Right, there are different random num. generators you have to seed to get consistent results.

datistiquo · 2020-12-14T16:17:32Z

So in the paper they use just the number 1...N for the seed like tf.random(10)?

What initialization is used in SentencesTransformer (uniform, normal...)?

How would I set different seeds for weight Initialization and data order?

Do you know where they released their data and code for this evaluation?

datistiquo · 2020-12-15T12:18:58Z

@nreimers . seems I get now same results with setting the seed right.

I only get changing digits for scores from position 5 and on. So the first 4 digits after the comma are always same but afterwards you get changes. I think this is normal. Do you get the same or do you have always same numbers?

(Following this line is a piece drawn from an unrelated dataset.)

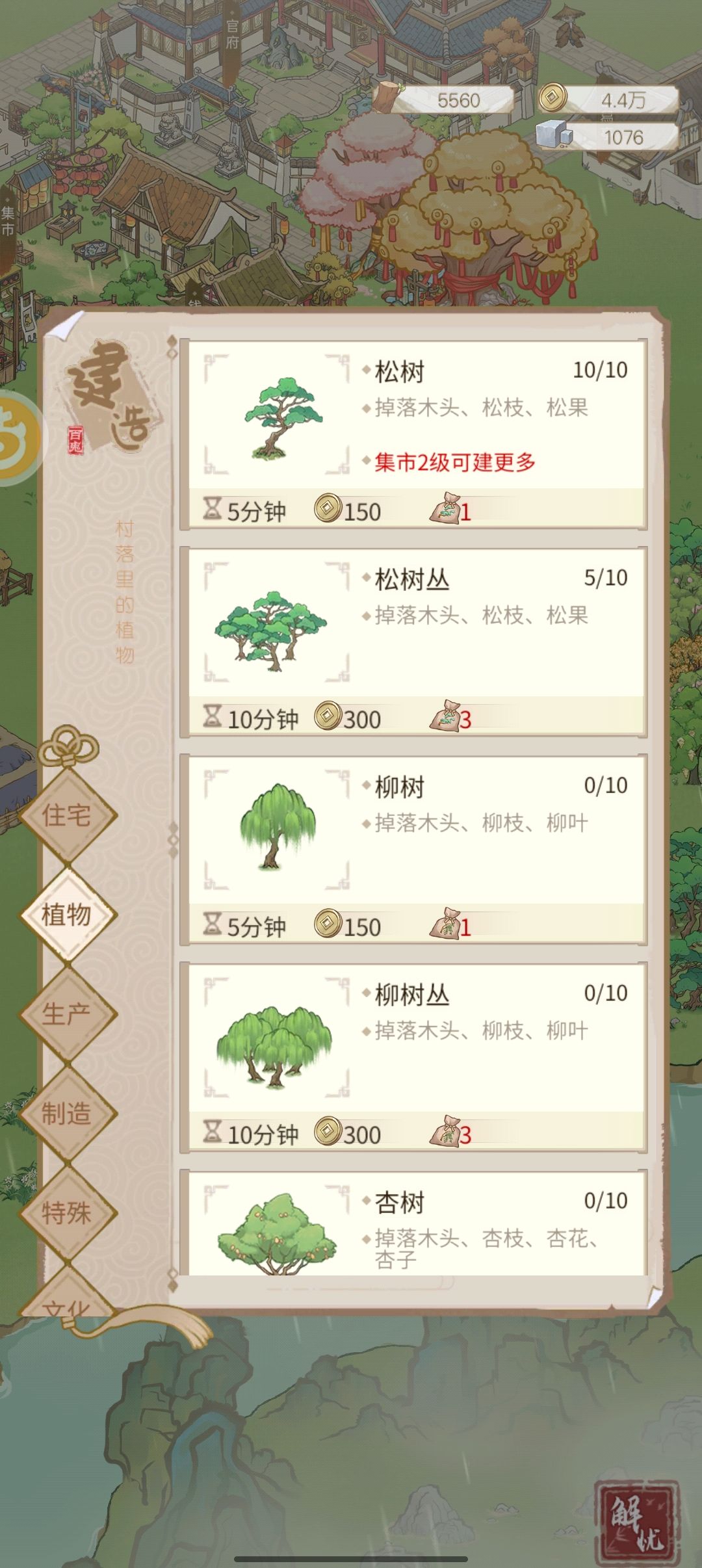 相信大家玩了两天后,都遇到个关键的问题。 没钱! 我看到甚至有人氪金买铜钱,然后对游戏破口大骂,其实大可不必如此。 接下来我将给大家讲讲,如何快速搞钱。 一.经济作物搞钱(占比50%) 金山银山不如绿水青山,开荒挖矿不如植树造林,要想富先种树! 绝大部分缺铜币的玩家,都是这个没搞。 先说预期收益,一级集市日收70w,二级集市日收200w。另外附送大量鬼怪培养材料和木材。 经济作物是什么? 见下图:

Actually really interesting, that the seed is now one important hyperparamter more to tune! :-I

tide90 · 2021-01-06T15:09:06Z

@nreimers . I wonder how to practical train with differen seeds (in colab eg). Because if I do a simple for loop like

seeds = [20,30, 50]
runs = 3

for seed in seeds:
  SEED = seed
  tf.random.set_seed(SEED)
  random.seed(SEED)
  os.environ['PYTHONHASHSEED']=str(SEED)
  np.random.seed(SEED)

  for r in range(runs):

    bert_model = TFBertForSequenceClassification.from_pretrained('bert-base-cased'))
   
    BATCH_SIZE=64
    EPOCHS=1

    steps_per_epoch=int(train_size//BATCH_SIZE)
    num_training_steps=int(steps_per_epoch * 1)
    warmup_steps = 50
    learn_rate_warmup=WarmUp(initial_learning_rate=3e-5, warmup_steps=warmup_steps, num_training_steps=num_training_steps)
    optimizer = tf.keras.optimizers.Adam(learn_rate_warmup)#learning_rate=3e-3)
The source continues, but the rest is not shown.